First of all there were (are? ) 2 types of debt that comprise the total debt stock.Long Term Debt that was issued when Greece issued the drachma,thus it was denominated in drachma and the remaining debt issued after Greece adopted the euro which obviously was denominated in euros.
The Drachma debt came from the gvt itself.As any government that issues its own fiat currency the gvt added excess reserves to the system in agregate,every time it deficit spent.This was followed by bond issuances so as to drain excess reserves from the system.Thats the use for gvt debt when we are talking about a gvt issuing its own currency.And its never possible for a gvt to default on such debt…except if it chooses to do so for whatever reason (though im not aware of any such case in the past).
When Greece adopted the euro,these bonds were redenominated,in euros.Effectively,all the public debt outstanding that was impossible for Greece to default on,turned to actual debt overnight effectively enabling the possibility of a default.
Now where did the euro debt come from?The ECB?How is it possible for it to come from the ECB when ECB is not allowed to buy gvt debt from the primary market?It simply came from banks who later might have posted some of it to the ecb in exchange for liquidity.But thats how open market operations are conducted all the time and have nothing to do with debt monetisation.Thats just the way that central banks are able to maintain the interbank rate and thus the interest rate target they pick.And even when the crisis hit and the ecb started buying gvt debt,it bought it at market prices.
“And look at the mess now.”
The mess is due to the fact that gvt debt in the eurozone is not risk-free.Thats all.Else, please explain why Japan with 200+% debt to gdp isnt nowhere near close to having the problems Greece does.

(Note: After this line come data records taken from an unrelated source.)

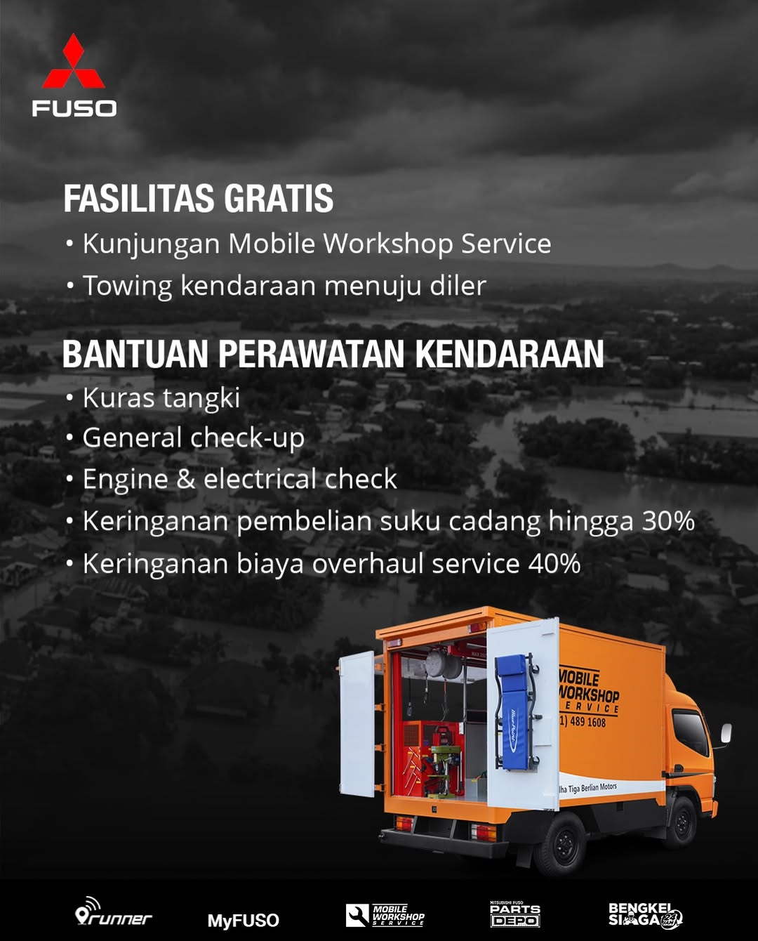 Selain itu, 55 tahun sebagai Andalan Bisnis Sejat, PT KTB hadir juga memberikan dukungan layanan purna jual bagi seluruh konsumen yang terdampak di sekitar area bencana banjir dengan program Fuso Peduli Sumatera.
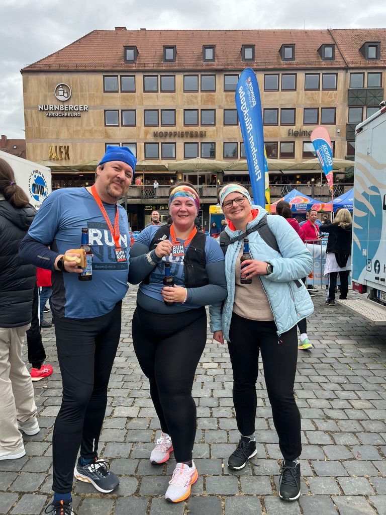Raphael (unser Sohn) und ich haben die beiden in Nürnberg in Empfang genommen. Mein Mann lag leider im Krankenhaus, sonst wäre er selbstverständlich auch mitgekommen. Nach dem Zieleinlauf haben wir gemeinsam noch ein bisschen gefeiert . Außerdem setzen wir das gemeinsame Training fort.
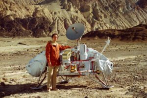 Sagan junto a una maqueta de las sondas Viking, destinadas a posarse sobre Marte. El científico estudió los posibles lugares de aterrizaje con Mike Carr y Hal Masursky.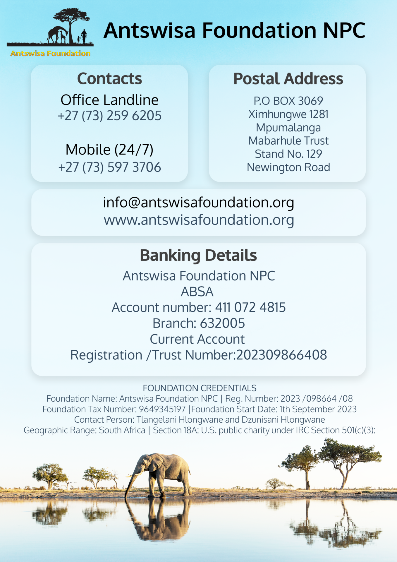 Antswisa Foundation is a registered non-profit organisation based in the Mpumalanga Lowveld,in villages bordering the world-renowned Kruger National Park and Sabi Sand Nature Reserve.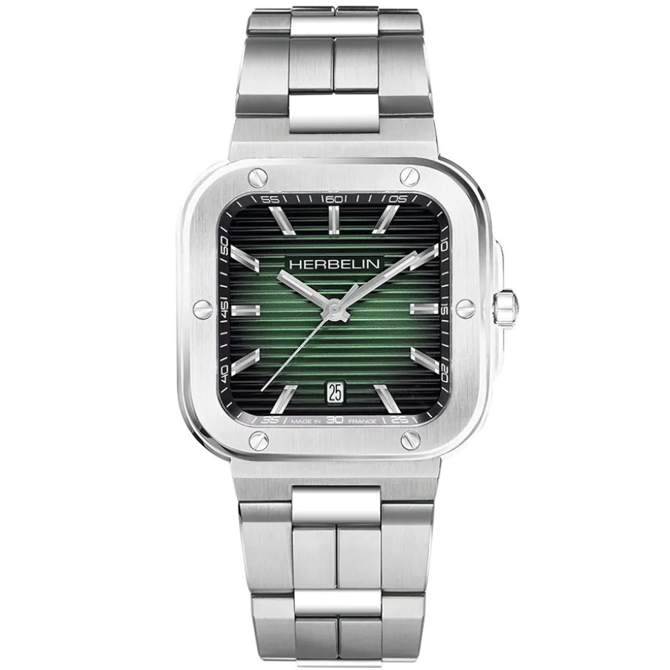 Firstly, the square 39mm stainless steel case has a brushed bezel set with 6 decorative screws. Secondly, the green dial has a striking horizontal pattern with applied steel indexes and hands (blue and red dial versions are also available). Coated in a luminous material, they ensure legibility in poor light conditions. Additionally, a scratch-resistant sapphire crystal protects the dial. Furthermore, the substantial stainless steel bracelet is in a brushed and polished finish. A folding clasp ensures the security of the watch. Finally, water resistant to 10 bar (100 m) and with a reliable Swiss Ronda quartz movement, the Herbelin Cap Camarat Green Dial Watch is a practical timepiece that guarantees style.

And please dont start that “Japan has a big part of its debt held by domestic investors” crap because this doesnt explain how Japan is able to maintain such a big debt to gdp ratio without having to default.
“Would it be a good thing if the Greek government could NOT run up debt and then force the people to pay for it?”
If you really want to discuss this please have a look at this first: http://papers.ssrn.com/sol3/papers.cfm?abstract_id=115128
The topic is too detailed to be broken down here, so feel free to have a look and we could discuss later.